The aftermath of men’s sports glory ends in tragedy more often that not

Disastrous scenes from Paris, Bengaluru, and Liverpool solidify the boys-will-be-boys narrative

Liverpool fans at the club's Premier League victory parade in late May saw the celebration turn into horror after a driver rammed through the crowd. (DannyDouble/Wikimedia Commons)

Liverpool fans at the club’s Premier League victory parade in late May saw the celebration turn into horror after a driver rammed through the crowd. (DannyDouble/Wikimedia Commons)

There are moments in sport that are meant to be immortal: etched in gold, sung by fans, and replayed for generations. But not all victories feel the same in the morning light. 

In the cities of Paris and Bengaluru, the afterglow of glory was eclipsed by smoke, sirens, and the sorrow of lost lives. Only Arsenal’s win offered something purer — triumph unmarred.

Paris Saint-Germain’s long-awaited Champions League victory on May 31 should have been a moment of unfiltered joy. Instead, the streets erupted. Riots broke out across Paris and beyond — almost 500 arrests in the city and at least two deaths amid clashes and chaos. The scenes were grim reminders that men’s sport, sometimes, concludes not in celebration but in destruction. It was not the homecoming heroes deserve — it was a battle zone.

A similar shadow fell in Bengaluru, India. When the Royal Challengers Bengaluru, a professional cricket team, clinched their maiden Indian Premier League title — something fans had waited 17 years for — the city was ready to erupt. But no one anticipated the tragedy that would follow. 
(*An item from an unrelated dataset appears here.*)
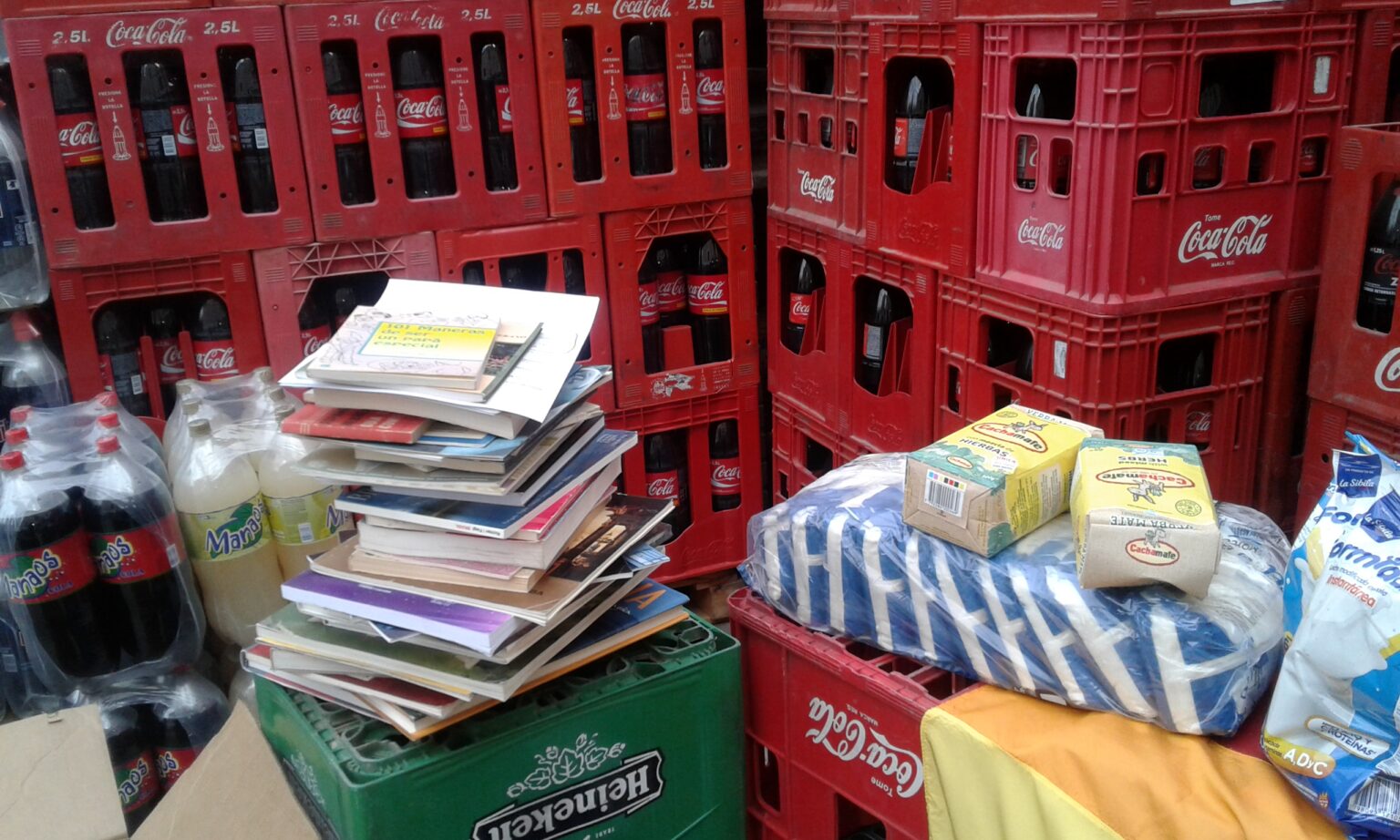 Las donaciones consistieron en cajas de fideos, azúcar, salsa de tomate, leche en polvo, aceite, arroz, té, yerba mate, polenta, lentejas, garbanzos, porotos, lavandina, café y una importante cantidad de libros.

At the team’s victory parade near M. Chinnaswamy Stadium, a crushing crowd overwhelmed the event. Eleven people died and dozens were injured. The blame game began: poor planning, over-capacity crowds, security failures. The magic of cricket — the poetry of that win — was tainted by grief. This begs the question: When does celebration become recklessness? When does fandom tip into fatality?

More recently, Liverpool fans spilling into celebration turned into another nightmare. On May 26, during the club’s Premier League victory parade, a car drove through a crowd including children after following an ambulance clearance on Water Street. The vehicle rammed into fans, injuring dozens and hospitalizing many. The driver, a 53-year-old British local, faces multiple charges including attempted murder. 
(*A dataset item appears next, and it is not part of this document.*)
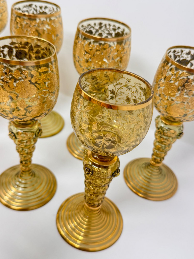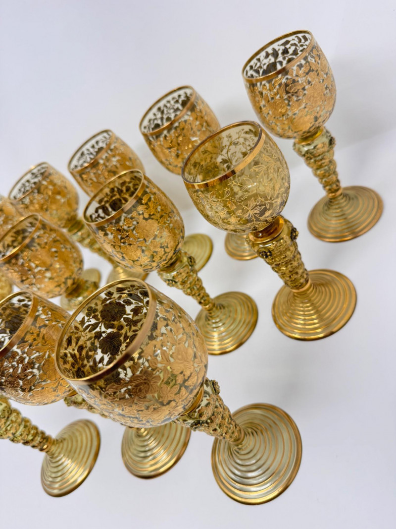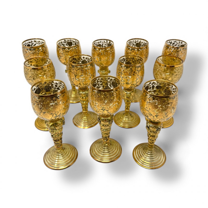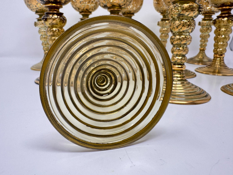 Lot # 84 - 12-Piece Embossed Gold/Green Goblet Set – Decorative Glassware

And then, there was the Arsenal women’s team victory. No stampedes, no sirens, no mourning mothers — just football. Graceful, historic, and quietly revolutionary. When they beat Barcelona in Lisbon to claim their second Union of European Football Associations Women’s Champions League title — the first since 2007 — it wasn’t just a win for the club. It was a cultural marker for women’s football.
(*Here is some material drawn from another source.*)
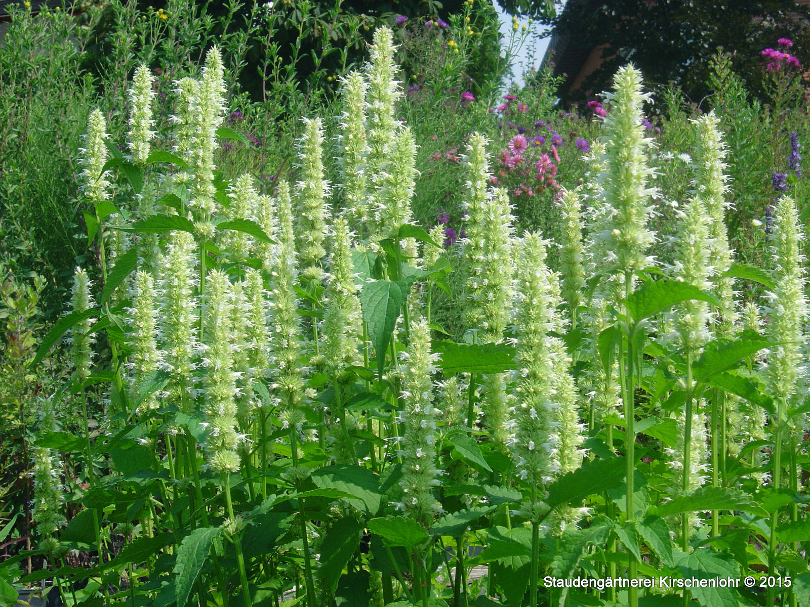 Grünlich-weiß wirkende Blütenähren. Herzförmige, lanzettliche Blätter mit gesägtem Blattrand. Minze-Anis-Aroma. Toleriert keine Winterstaunässe.

The atmosphere was electric but safe, jubilant but respectful. It’s not that the fans loved their team any less — it’s that the culture around the game allowed the celebration to remain about the game.

So why does men’s sport routinely end in damage, while women’s sport is labelled “emotional” or “hormonal”? There’s a dangerous double standard. Women are often described as too sentimental and too fragile. Their tears are scrutinized, their intensity is downplayed as biology. Meanwhile, men’s violence is reframed as passion or the cost of scale.

That reframing is rooted in sexism. Men’s sport is expected to be rough, requiring policing and permits. Women’s sport is infantilized, expected to stay polite, neat, and contained — even at the cost of erasing genuine emotional power.

But emotional intensity isn’t gendered — nor is tragedy inevitable. The disastrous scenes in Paris, Bengaluru, and Liverpool aren’t the result of testosterone alone. They’re the product of poor planning, policing failure, and a culture that permits destruction as long as it fits a boys-will-be-boys narrative.

If sport is to unify, not unravel, it needs accountability — not just trophies. It needs infrastructure built to protect both fans and players, systems designed for safety, and a media that treats all emotional expressions with equal respect.

Emotion isn’t a flaw. Celebration doesn’t require chaos. And sport should never demand a body count to define its worth. Sport should unite, not unravel. It should be catharsis, not catastrophe. The beautiful game, the gentleman’s game — any game — should not require an obituary.

In that sense, maybe Arsenal’s women’s team didn’t just win a trophy. Maybe they reminded us what winning is supposed to feel like.